Ahora, ese silencio se rompía con un trino.
Pepe se incorporó lentamente, cubriéndose el rostro con las manos. No podía detener las lágrimas. No quería. Con esfuerzo, se levantó de la cama y caminó hasta la pajarera. Allí, sobre su percha, el pequeño canario lo observaba con su cabeza ladeada, como si supiera lo que acababa de hacer.
—Pero qué bicho más listo eres... —susurró Pepe con la voz rota.
La reencarnación de Ricardo siguió cantando, sin saber por qué, pero sintiendo que había hecho algo importante.
—Me alegra volver a verte sonreír, compañero... —dijo el pájaro para sus adentros—. Te añoraba.
Ese mismo día, por primera vez en meses, Pepe sintió que debía hacer algo. Se puso su chaqueta, aunque hacía frío. Abrió las ventanas, dejando que la brisa helada entrara en la casa por primera vez en semanas.
Sacó un trapo y limpió el polvo de los muebles. Lavó los platos acumulados en la cocina. Incluso se atrevió a mover la mesa para barrer debajo. Cada rincón que despejaba, cada superficie que tocaba, era un pequeño paso de vuelta a la vida.

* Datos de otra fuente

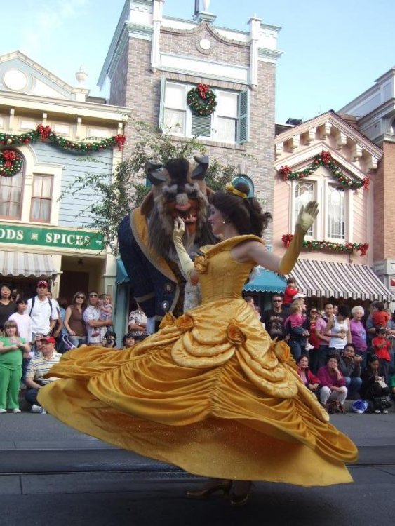 I know I'm a few months late but I am at work right now bored out of my mind and I finally have the time to post up this TR from the Candlelight Processional at Disneyland. For those of you who don't know the Candlelight Processional happens every year at Disneyland. It's been happening annually for the past 50 years and the choir is made up of local choirs in California. The choir walks the parade route starting back at It's A Small World and makes its way up to Main Street where the stage and orchestra are. There's an honorary speaker each year that reads the religious story of Christmas while the choir sings religious Christmas songs. This year the speaker was John Stamos. In the past they've had Jayne Seymour, Dick Van Dyke, and even the voice of god himself James Earl Jones. Even if you're not religious its a very beautiful event. The choir sounds amazing each year. The event is usually the first weekend in December on the Saturday and Sunday. They do 2 shows a night. Here we go! The end of the show and the end of the TR. Handbell choir sang with their hands. Two soloists who are apparently too good for choir robes. Not only are their voices better but they don't have to wear the choir moo moo. But not as cool as John Stamos. A close up. These guys were really cool and used just enough throughout the performance. The fanfare trumpeters! Uncle Jesse reads to us about the baby Jesus. 2/3 of the choir, 1/4 of the orchestra, 1/2 of the sign language interpreters, and one whole of sexy John Stamos. Uncle Jesse! Hot stuff welcomes us to the 2008 Candlelight Processional. The choir has just arrived with all their little candles. The stage area at night. Pretty isn't it? The fake tree with its ugly LED lights. IMO they really messed up by changing over. The LED's don't give that soft glow that the regular lights give off. There was a couple hundred people walking and singing. Sorry about the blur on these next two pics but here's the first line of the procession, this was in the Alice In Wonderland, Matterhorn funnel. The only two Hummer drivers that are ok in my book. Twisterella "And his brother Oswald." And I could be like, "This is my son Corky." If I have kids I want them to come out looking like this! So freakin' adorable! MY FAVORITE PART OF THE PARADE!! It has begun. We watched the Christmas parade which had a lame "Bolt" pre-parade. Pretty building. Always remember: candy preserves coffee. Where Disney fans get their clotheirs. I love these! Fake Plastic Tree! (Radiohead joke? Anyone?) But for real, it was a big fake tree! I'm still irritated about the change. No more freshly killed pine tree smell when you enter the park. =( Half of the chairs were set out already. Speakers, trees, and a fake cathedral window! Seats for the orchestra and elevated standing area for the choir. The stage in front of the train station on Main Street.
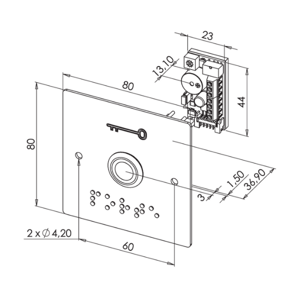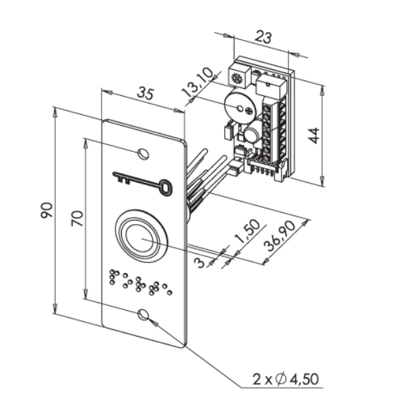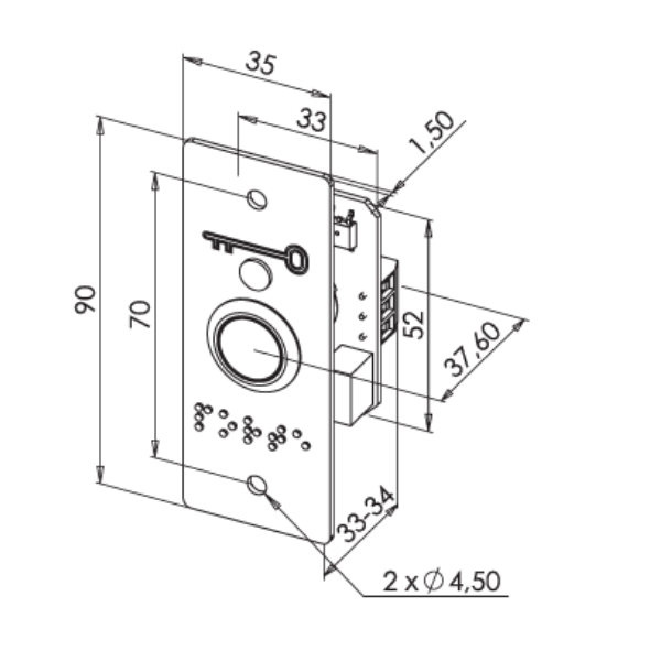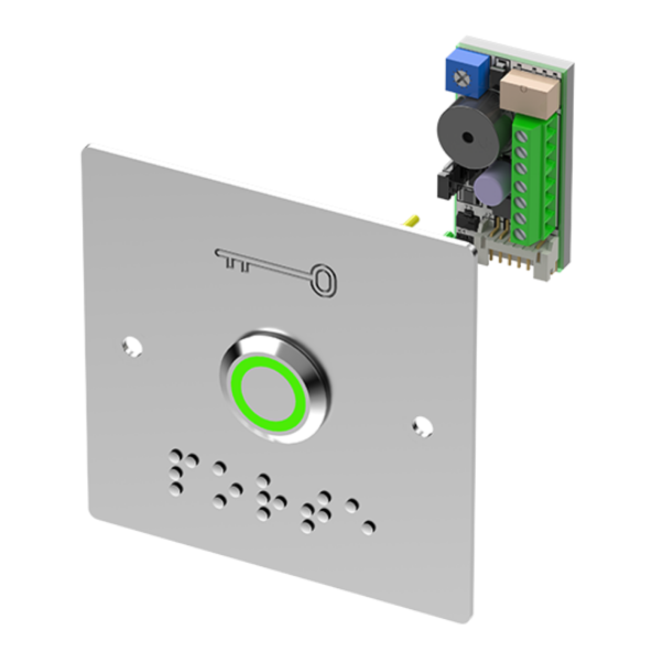 Monté sur plaque inox large, avec marquage (symbole clé et porte en écriture braille).Le montage peut s’effectuer en applique ou en encastré (montage possible sur pot de 60 mm).
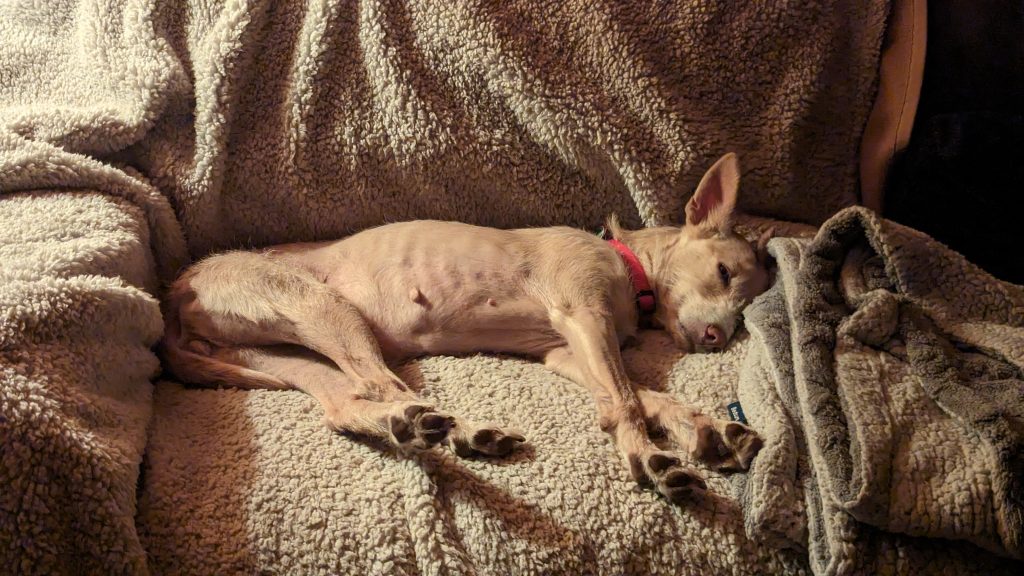 Tag 59 – 25.09.2023 Lucy hatte keine gute Nacht. Wir haben nur ein paar Stunden geschlafen. Sie hat die Eukanuba-Hundedecke

Cuando terminó, se acercó a la pajarera y observó al canario en silencio. Pepe cerró las ventanas con cuidado y, con una sonrisa leve, abrió la puerta de la jaula de Bogart.

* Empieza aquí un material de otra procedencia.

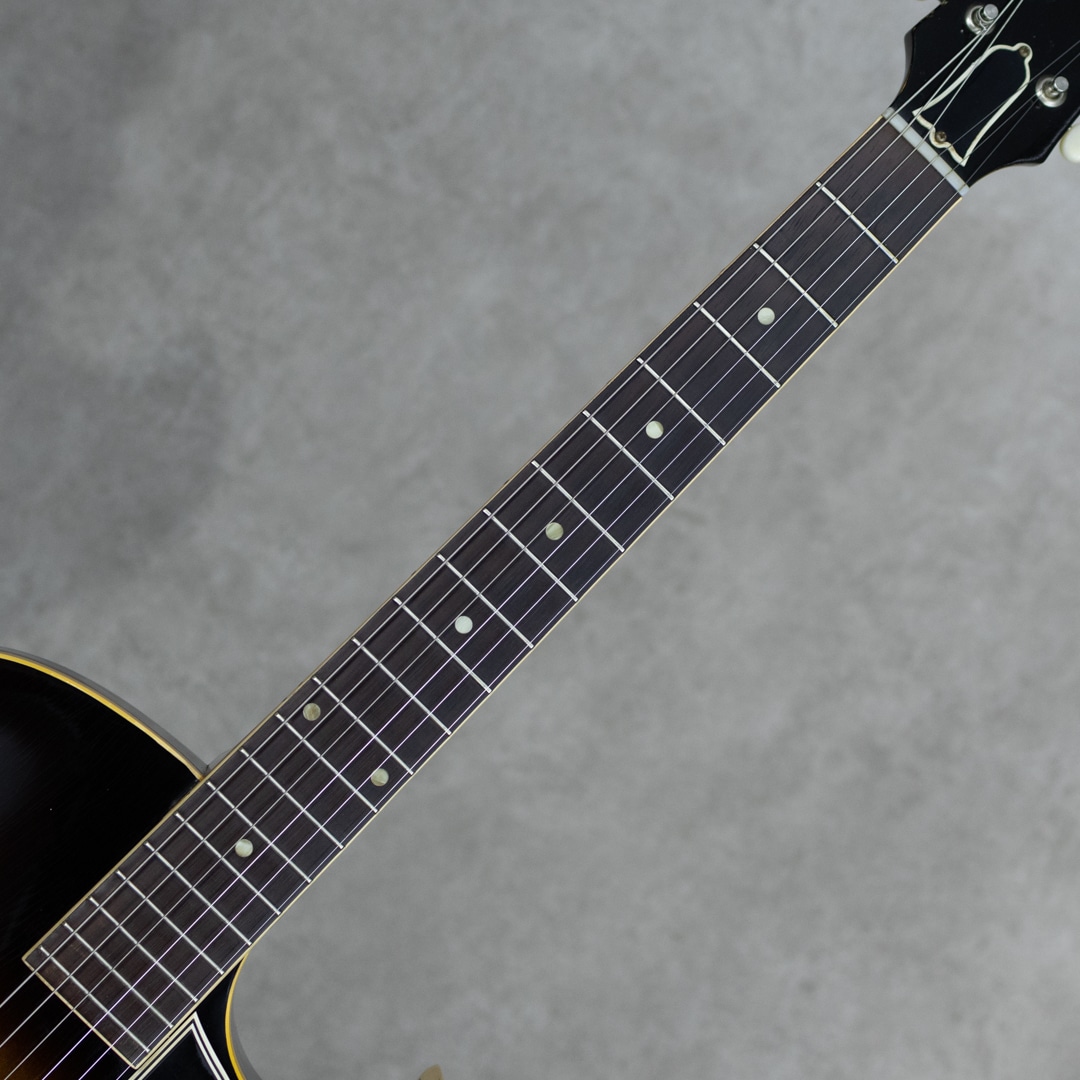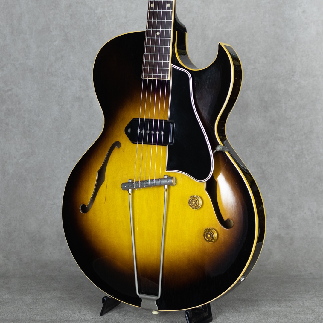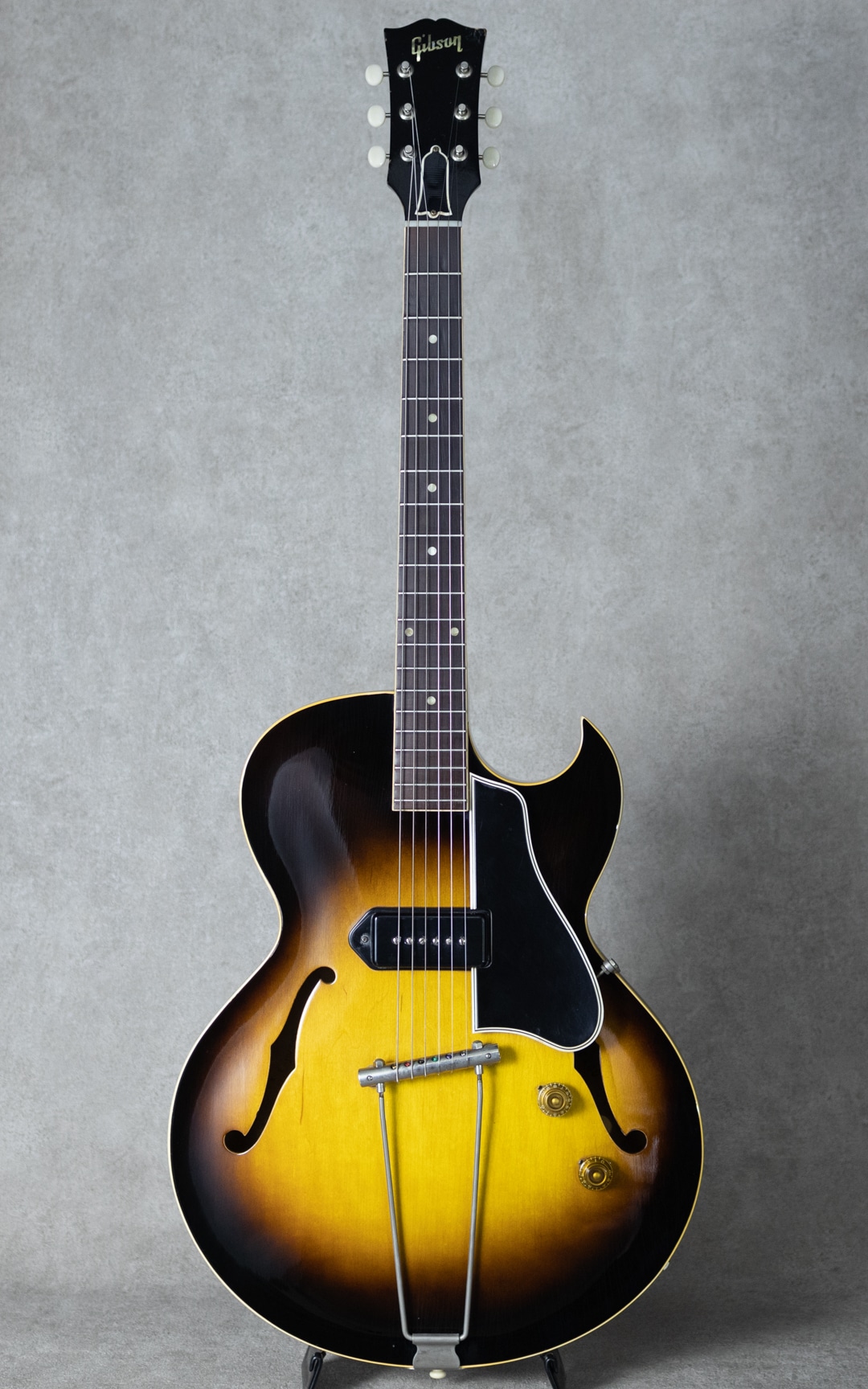ギブソンアーチトップのシンボディ(薄胴)としては最も初期のモデルである"ES-225"。登場初期のレスポールに近いスタイルのトラピーズテイルピースと、ブリッジ下部の補強ブロック(トップのみ接する特徴的な構造)が大きな特徴。おそらくはサスティーン向上を狙って取り付けられたこのウッドブロックは、後に登場するES-335TDのセンターブロック構造の原型として知られます。

—Te lo has ganado —le dijo con voz cálida.
Luego, sin prisa, extendió la mano y lo tomó entre sus dedos.
Esperó a que entrara, pero el canario no se movió. Se quedó en su mano, mirándolo fijamente con sus pequeños ojos oscuros. Pepe hizo un leve gesto con los dedos, animándolo a posarse dentro, pero Ricardo no reaccionó.

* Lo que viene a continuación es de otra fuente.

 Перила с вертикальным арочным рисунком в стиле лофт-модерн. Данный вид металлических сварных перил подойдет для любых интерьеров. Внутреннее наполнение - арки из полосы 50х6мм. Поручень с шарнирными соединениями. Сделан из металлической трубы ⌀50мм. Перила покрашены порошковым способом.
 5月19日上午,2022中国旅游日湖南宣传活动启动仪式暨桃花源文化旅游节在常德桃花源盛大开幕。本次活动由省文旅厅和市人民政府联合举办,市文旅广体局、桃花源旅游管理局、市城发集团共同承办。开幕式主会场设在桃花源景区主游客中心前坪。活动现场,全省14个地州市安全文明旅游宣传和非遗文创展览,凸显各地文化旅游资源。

—Vamos, chico —susurró con paciencia—. Es tu nuevo hogar.
El canario no quería entrar. Había pasado toda su vida entre barrotes y, ahora que sentía el aire libre en sus plumas, algo dentro de él se resistía a volver a la jaula.
Pepe frunció el ceño con curiosidad.
—¿No quieres...?
Antes de que pudiera terminar la frase, el canario agitó las alas con fuerza y saltó de su mano, alzando el vuelo con un batir torpe pero decidido.
Pepe lo siguió con la mirada, sorprendido, mientras el pequeño cuerpo amarillo recorría la sala. Voló hasta la lámpara, y luego, hasta el respaldo del sillón.
El anciano dejó escapar una carcajada, sacudiendo la cabeza con incredulidad.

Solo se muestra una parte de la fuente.